---- SUPPLIED MATERIAL

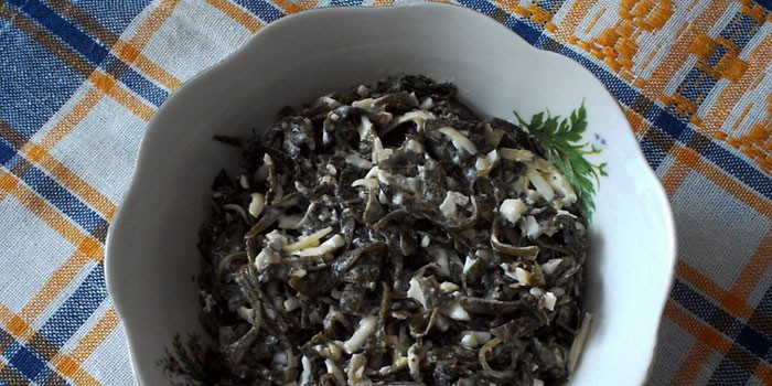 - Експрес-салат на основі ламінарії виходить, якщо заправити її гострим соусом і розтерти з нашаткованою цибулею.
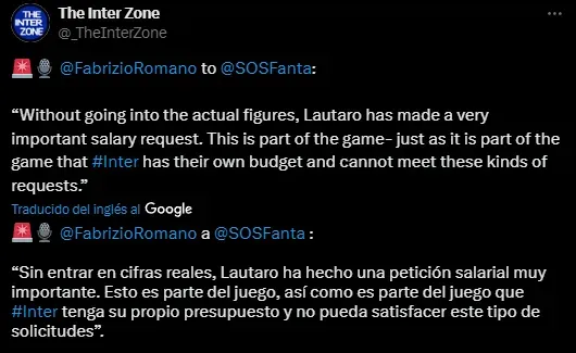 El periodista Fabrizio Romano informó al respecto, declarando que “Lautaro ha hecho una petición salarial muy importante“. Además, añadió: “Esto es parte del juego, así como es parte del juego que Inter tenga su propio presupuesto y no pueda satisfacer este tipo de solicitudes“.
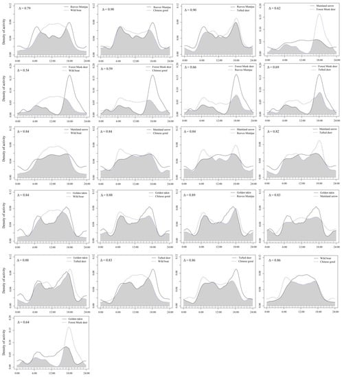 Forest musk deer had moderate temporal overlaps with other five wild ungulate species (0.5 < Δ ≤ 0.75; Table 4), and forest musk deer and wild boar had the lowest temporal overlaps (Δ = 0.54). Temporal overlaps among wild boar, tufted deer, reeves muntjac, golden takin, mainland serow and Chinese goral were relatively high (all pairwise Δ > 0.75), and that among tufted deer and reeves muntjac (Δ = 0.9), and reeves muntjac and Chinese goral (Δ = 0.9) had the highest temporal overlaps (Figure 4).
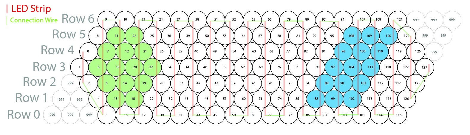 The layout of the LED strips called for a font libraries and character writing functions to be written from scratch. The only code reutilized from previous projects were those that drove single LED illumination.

--------
---- SUPPLIED MATERIAL

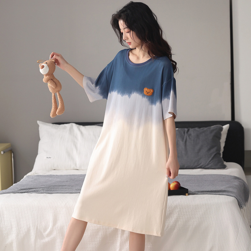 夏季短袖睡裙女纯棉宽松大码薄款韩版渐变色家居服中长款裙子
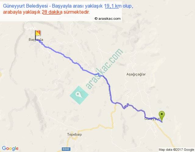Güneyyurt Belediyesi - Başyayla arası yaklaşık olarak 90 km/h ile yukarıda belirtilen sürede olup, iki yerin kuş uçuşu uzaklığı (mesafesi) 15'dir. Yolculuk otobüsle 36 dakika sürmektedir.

--------
---- SUPPLIED MATERIAL

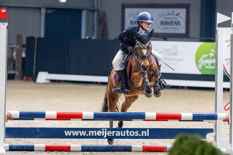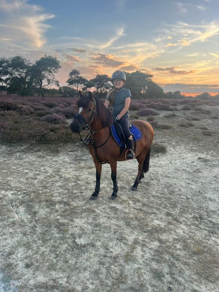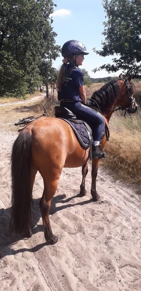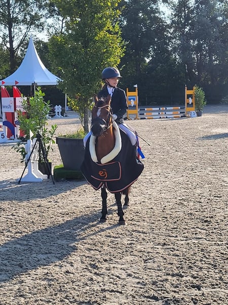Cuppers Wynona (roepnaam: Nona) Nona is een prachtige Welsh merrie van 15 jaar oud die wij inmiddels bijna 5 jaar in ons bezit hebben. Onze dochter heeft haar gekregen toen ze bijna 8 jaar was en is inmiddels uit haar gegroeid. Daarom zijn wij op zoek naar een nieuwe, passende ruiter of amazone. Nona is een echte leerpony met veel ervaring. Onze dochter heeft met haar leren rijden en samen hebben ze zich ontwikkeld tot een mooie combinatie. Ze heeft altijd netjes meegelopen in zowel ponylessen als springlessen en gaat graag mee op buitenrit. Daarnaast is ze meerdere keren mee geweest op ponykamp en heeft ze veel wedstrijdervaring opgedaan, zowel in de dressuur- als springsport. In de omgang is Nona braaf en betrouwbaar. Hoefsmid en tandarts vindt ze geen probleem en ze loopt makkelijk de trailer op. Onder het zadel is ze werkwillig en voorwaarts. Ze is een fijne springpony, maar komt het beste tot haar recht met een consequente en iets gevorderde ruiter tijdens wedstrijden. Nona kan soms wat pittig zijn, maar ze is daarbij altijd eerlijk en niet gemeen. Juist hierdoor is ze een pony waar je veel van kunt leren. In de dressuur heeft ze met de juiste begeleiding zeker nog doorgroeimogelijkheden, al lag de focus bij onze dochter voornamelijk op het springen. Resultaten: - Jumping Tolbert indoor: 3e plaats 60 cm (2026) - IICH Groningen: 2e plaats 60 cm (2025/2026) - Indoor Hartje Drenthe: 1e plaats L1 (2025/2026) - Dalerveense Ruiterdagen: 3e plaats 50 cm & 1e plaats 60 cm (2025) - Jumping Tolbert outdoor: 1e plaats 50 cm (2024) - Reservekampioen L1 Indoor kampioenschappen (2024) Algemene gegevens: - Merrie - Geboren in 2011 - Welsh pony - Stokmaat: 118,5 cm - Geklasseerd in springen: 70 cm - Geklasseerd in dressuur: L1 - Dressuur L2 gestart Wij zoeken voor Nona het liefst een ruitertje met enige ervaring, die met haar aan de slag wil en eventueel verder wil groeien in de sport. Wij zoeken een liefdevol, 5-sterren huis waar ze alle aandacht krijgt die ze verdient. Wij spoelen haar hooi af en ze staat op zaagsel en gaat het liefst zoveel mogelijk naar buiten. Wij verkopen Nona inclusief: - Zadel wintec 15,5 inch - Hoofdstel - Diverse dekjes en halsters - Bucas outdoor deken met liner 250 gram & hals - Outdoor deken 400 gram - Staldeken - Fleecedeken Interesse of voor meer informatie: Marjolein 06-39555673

--------

WORK TO BE COMPLETED
Extract from the material above the stretch running from the line containing "- Експрес-салат на" through the line containing "The layout of". Keep the text exact and the pictures out.

PROBLEM SOLUTION
 - Експрес-салат на основі ламінарії виходить, якщо заправити її гострим соусом і розтерти з нашаткованою цибулею.
 El periodista Fabrizio Romano informó al respecto, declarando que “Lautaro ha hecho una petición salarial muy importante“. Además, añadió: “Esto es parte del juego, así como es parte del juego que Inter tenga su propio presupuesto y no pueda satisfacer este tipo de solicitudes“.
 Forest musk deer had moderate temporal overlaps with other five wild ungulate species (0.5 < Δ ≤ 0.75; Table 4), and forest musk deer and wild boar had the lowest temporal overlaps (Δ = 0.54). Temporal overlaps among wild boar, tufted deer, reeves muntjac, golden takin, mainland serow and Chinese goral were relatively high (all pairwise Δ > 0.75), and that among tufted deer and reeves muntjac (Δ = 0.9), and reeves muntjac and Chinese goral (Δ = 0.9) had the highest temporal overlaps (Figure 4).
 The layout of the LED strips called for a font libraries and character writing functions to be written from scratch. The only code reutilized from previous projects were those that drove single LED illumination.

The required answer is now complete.